Nevertheless, my interest in hypnotism had been aroused and I was sure
there was
something there that could help me with my smoking. A couple of years
later I tried it
again, this time in a squalid office in a run-down suburb of Swindon.
The hypnotist was a
seedy middle-aged man wearing a sports jacket. It worked for a couple
of months, but
then I started having the odd cigar in the pub, and before I knew it I
was back on twenty a
day.
I felt that the missing element was that of on-going support. On each
previous occasion
when I left the hypnotist I felt fine and terrific and couldn't wait to
face my fag-free
future. Then over the following days and weeks my enthusiasm and
confidence slowly
seeped away. At that point I wanted to go back to the hypnotist for a
top-up, but both of
them had told me that it was a one-hit technique, that it would work
after just one session
or it wouldn't work at all, and that was that. This point is
interesting, because by saying
this they are turning away the chance to earn money from repeat visits.
To turn down
clear money-making opportunities like this means that they are either
extremely altruistic
and morally pure or they are pitching their marketing at a different,
more subtle level. It
could be that they consider the punter is much more likely to make a
commitment to a
one-off session for fifty quid than a three session course for a
hundred and fifty quid. You
also have to remember that both these hypnotists came up with weak
excuses why they
wouldn't give me a tape of the session or of themselves. I have found
self-hypnosis quite
useful and I really can't think of a good reason why they shoudn't have
let me have a tape
other than to get me to return to them and pay for a further session.
Maybe they aren't
that altruistic after all.
I should have learned my lesson by now but I decided to give hypnotism
one last chance.
I went to a woman in another squalid Swindon office. This time I
explained that I was
happy to book several sessions so that she could provide me with
on-going support.
However, I can't have explained it very well because she thought I
meant support prior to
stopping rather than afterwards. She must have thought she'd won the
jackpot and I
couldn't be bothered arguing. All that happened was that I had two
preparatory sessions
then the same final session I'd had from the previous therapists. The
only difference was
that I paid three times as much.
This time I stayed clean for a few months. As on previous occasions, I
kept up the
pretence of having stopped for a long time after I'd re-started.
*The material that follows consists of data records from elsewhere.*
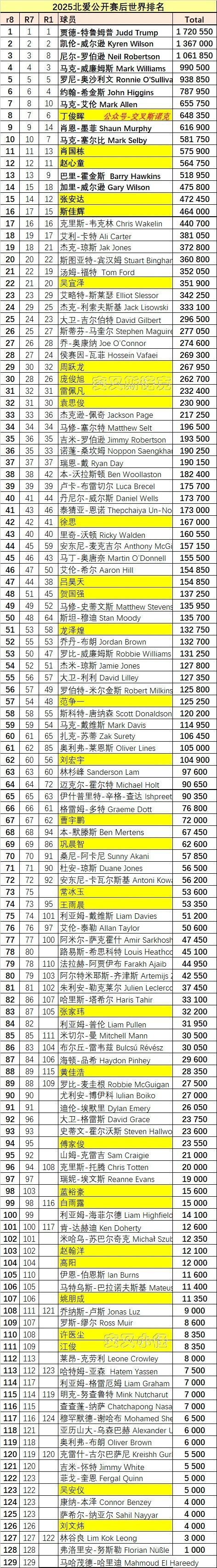 具体排名如下:(排名最终以世界斯诺克官网公布的为准)
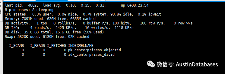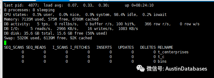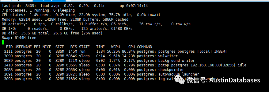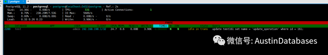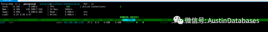 我们来看看这个工具能给你什么惊喜。下面这个图是就是pg_activity
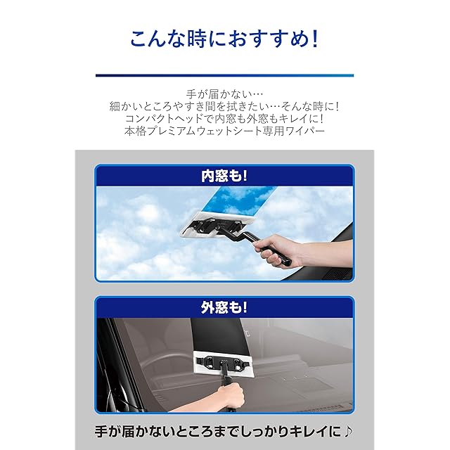 フロントガラス(内窓・外窓)の手の届かないところの掃除に便利なウェットシート専用ワイパー【ワイドヘッドと長いグリップでワイドに拭ける】
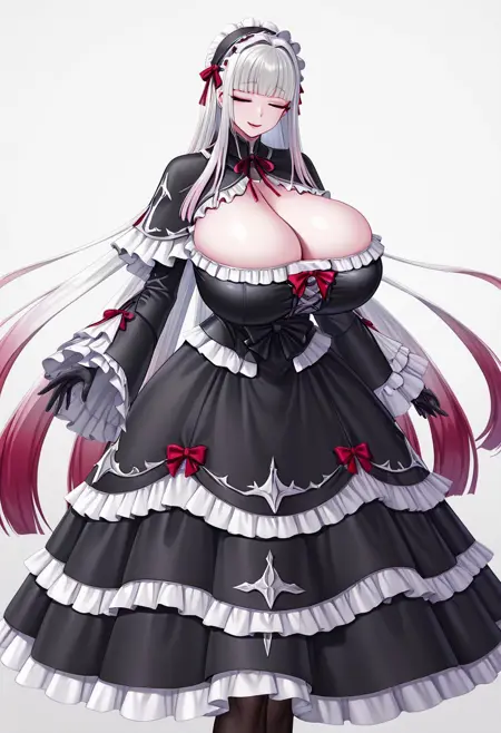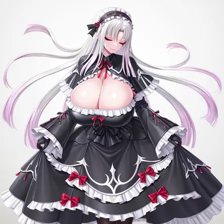TAGS : Azusa BG,frilled hairband,dress,long sleeves,frills,black gloves,black pantyhose,cleavage,bow,frilled dress,frilled sleeves,long dress,goth fashion,red ribbon,white skirt,capelet,neck ribbon,
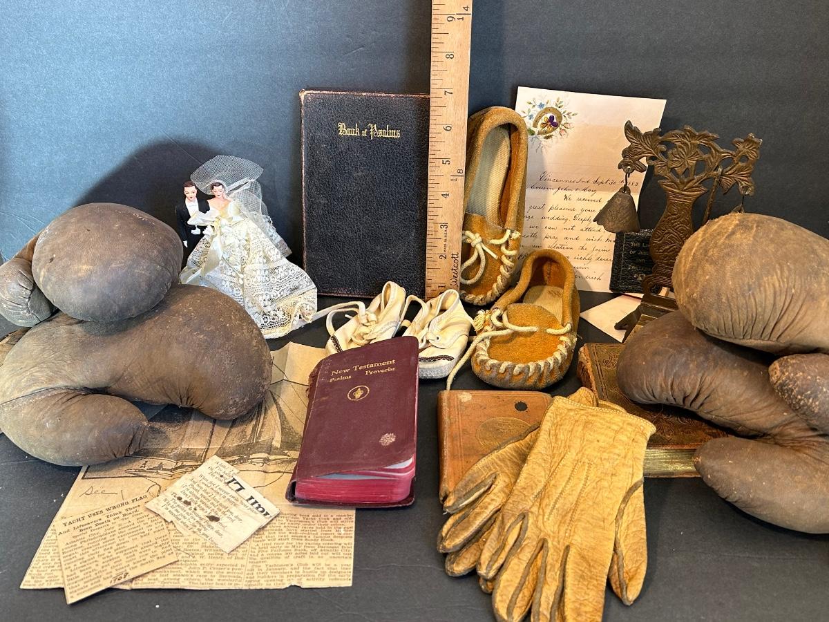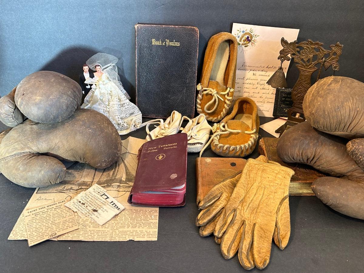 Boxing Gloves, Bibles, gloves, moccasins, booties and more.
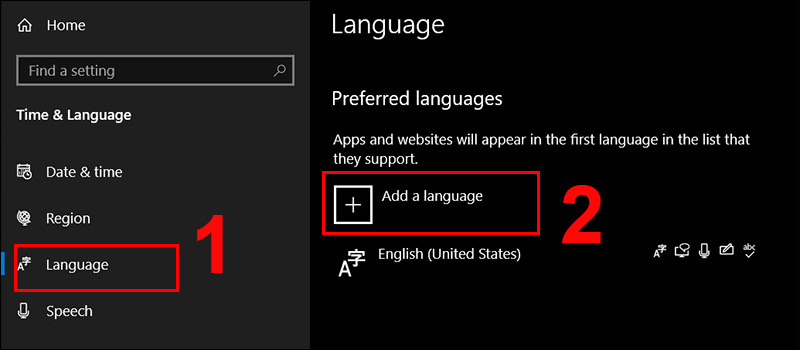 - Nhấp vào Add a language, tìm kiếm Chinese (Simplified hoặc Traditional) và nhấp Install.
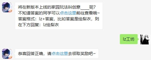 将在新版本上线的家园玩法叫创意_____呢?这是龙族幻想手游2020年4月23日微信每日一题的问题,回答正确可以获得天天抽好礼的机会,大家知道今天每日一题的答案吗?2020年龙族幻想4月23日每日一题问题将在新版本上线的家园玩法叫创意_____呢?不知道答案的同学可以点击这里前往查看哦~答案格式:lz+答案,比如答案是绘梨衣,则在下方回复:lz绘梨衣2020年龙族幻想4月23日每日一题答案lz工坊
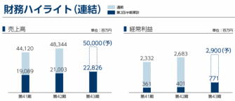 通期の連結業績予想については、こうした施策と今後の為替相場や需要予測等、最新の見通しを踏まえて検討した結果、期初計画から修正させていただくこととしました。そのため、通期の連結業績見通しは、売上高50,000百万円(前年同期比3.4%増)、営業利益は3,200百万円(同16.3%増)、経時利益は2,900百万円(同8.1%増)、親会社株主に帰属する当期純利益は1,720百万円(同9.5%増)を予定しております。
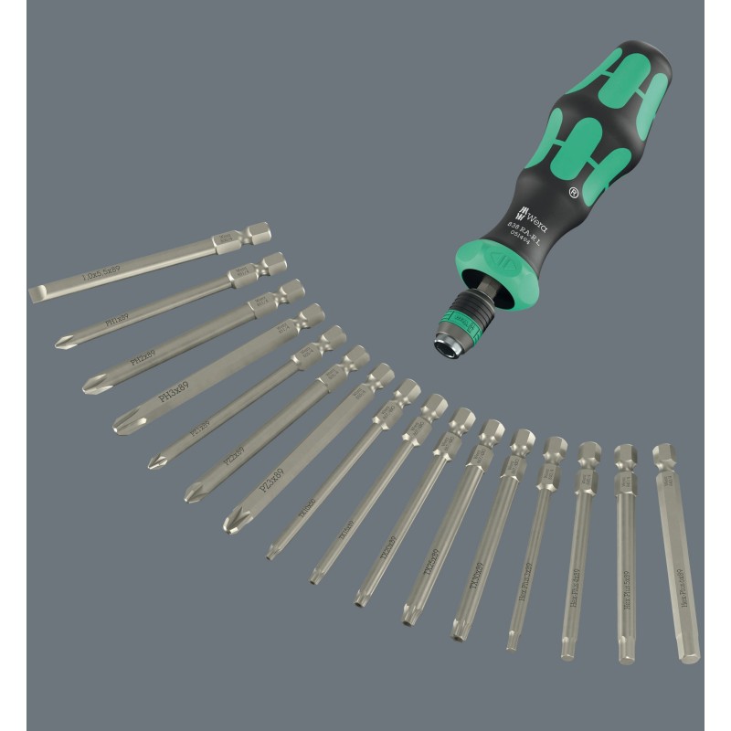 Das Set enthält 16 Bits mit einer Länge von 89 mm, die mit verschiedenen Schraubentypen kompatibel sind, darunter Kreuzschlitz, TORX und Sechskant. Diese Vielfalt macht das Set ideal für ein breites Anwendungsspektrum, sowohl in Heimwerkstätten als auch in professionellen Umgebungen.
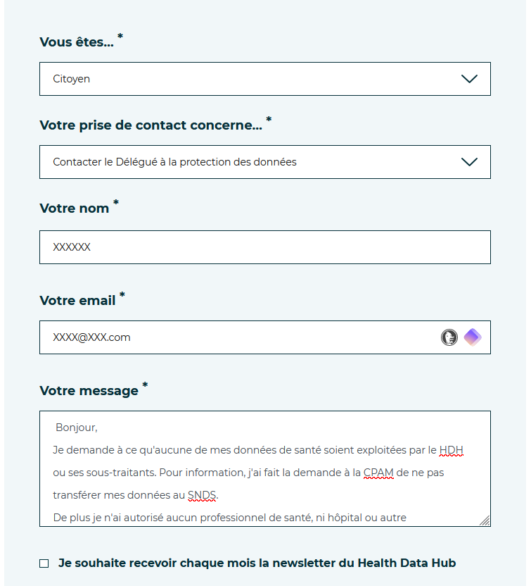 Je demande à ce qu'aucune de mes données de santé soient exploitées par le HDH ou ses sous-traitants. Pour information, j'ai fait la demande à la CPAM de ne pas transférer mes données au SNDS.
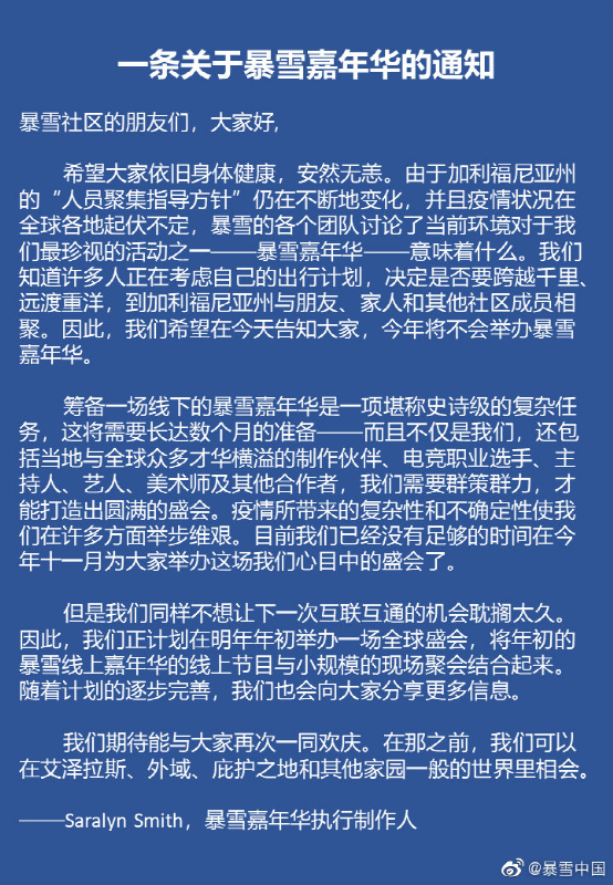 但是,今日凌晨,暴雪中国宣布将取消2021年暴雪嘉年华,而这场盛会将于2022年初在线上举办。
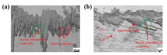 Different from Figure 14b, in the Fe2B⊥ sample the Fe2B [002] orientation was parallel to the oxidation direction and was partly embedded into the oxide film obliquely. Due to the blocking effect of borides, Si4+ cannot continue to diffuse outward through the inner interface and is mainly concentrated and enriched at the bottom of the oxide film to form a SiO2 oxide layer, which depends on the O2− inner-diffusion controlled process. Therefore, the overall anti-oxidation performance of the Fe2B⊥ sample was better than that of the Fe2B// sample owing to the combined effects of Si content and Fe2B orientation.
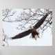 A magnificent bald eagle with wings fully spread as it launches from a tree limb.
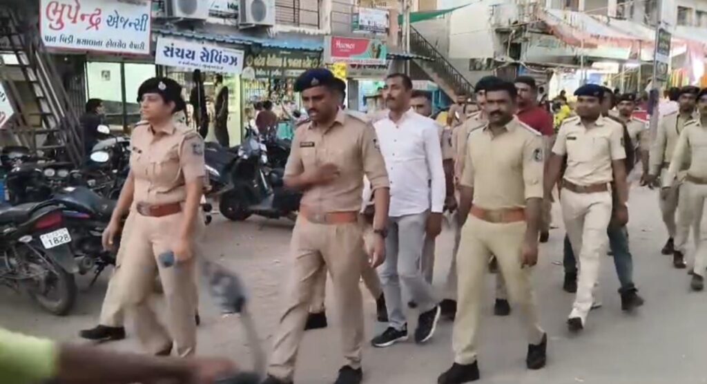 દિવાળીના તહેવારો અનુલક્ષીને હળવદ પોલીસ દ્વારા શહેરના રાજમાર્ગો પર ફૂટ પેટ્રોલિંગ
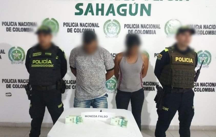 Sahagún, Córdoba. El Departamento de Policía Córdoba incrementa sus acciones para combatir el delito de moneda falsa, logrando sorprender en la vereda Bajo Grande de esta subregión de la sabana, a un hombre y una mujer con dos billetes de $100.000, los cuales presentaban seriales repetidos.
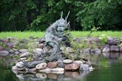竜がいるのは札内川ダム下流の公園内。札内川の守り神とされる「サツナイ竜」のモニュメントだ。1998年、同ダムの完成に合わせて設置された。
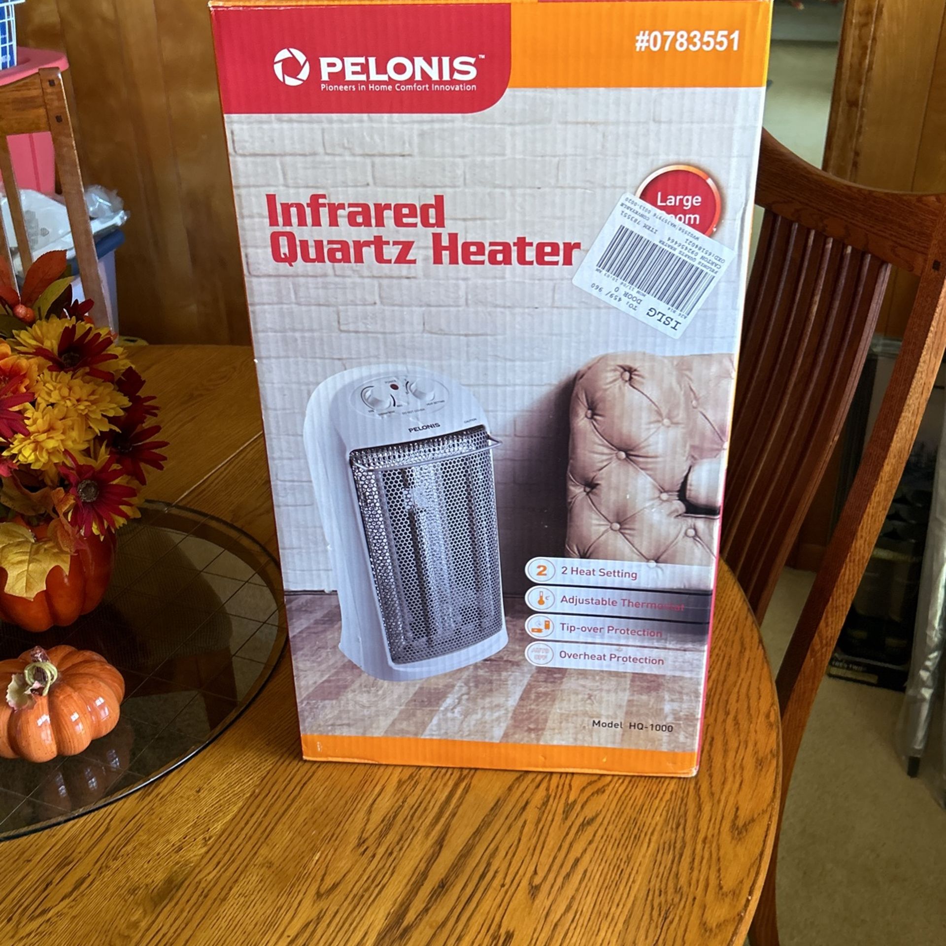 This is BNIB infrared quartz heater. For a large room. Two heat setting ,adjustable thermostat, tip over protection, overheat protection. Smoke-free home.

The
fact that nicotine can
make you behave like this is probably the worst aspect of nicotine or
any other drug
addiction. At this point you are already a slave to your addiction, you
are pitied or
despised by your friends and colleagues and your health is
deteriorating. But you can't
face the shame and the look in your wife's eyes when she realizes
you've failed again, so
you lie in the face of your closest and dearest loved ones, those who
mean more to you
than anyone or anything else, except of course, smoking. By now any
shred of self-
respect you've managed to cling on to is utterly destroyed and replaced
by self-loathing.
Someone who has never been a drug addict can't begin to understand, but
when you get
to this level you're just about at rock bottom. I used to buy packets
of ten rather than
twenty as they were easier to hide. I used to keep them in secret
little hidey-holes around
the house and B never did find them. A favourite place was behind the
wash basin in the
downstairs toilet. I would make up excuses to go to the shop or
post-box then nip into the
loo and put the fag packet and lighter down the front of my trousers.
Then I'd go out on
my errand, have a quick fag or two, and return to the house sucking
mints so that no-one
would smell anything suspicious. If I'd been out in the car I'd have
had to smoke with the
window open because of the stink. I used to make excuses to go to the
pub by myself so
that I could smoke. In fact I used to look forward to all the times
when I had to be apart
from my family so that I could smoke without them knowing. Of course,
all my mates
and most of B's friends knew I was smoking, but B didn't. It was
pathetic and degrading.
Of course I would have denied it, but in retrospect it's quite clear
from my actions alone
that this fucking bastard drug was more important to me than my wife
and children. This
is what nicotine does to you. Welcome to Marlboro Country.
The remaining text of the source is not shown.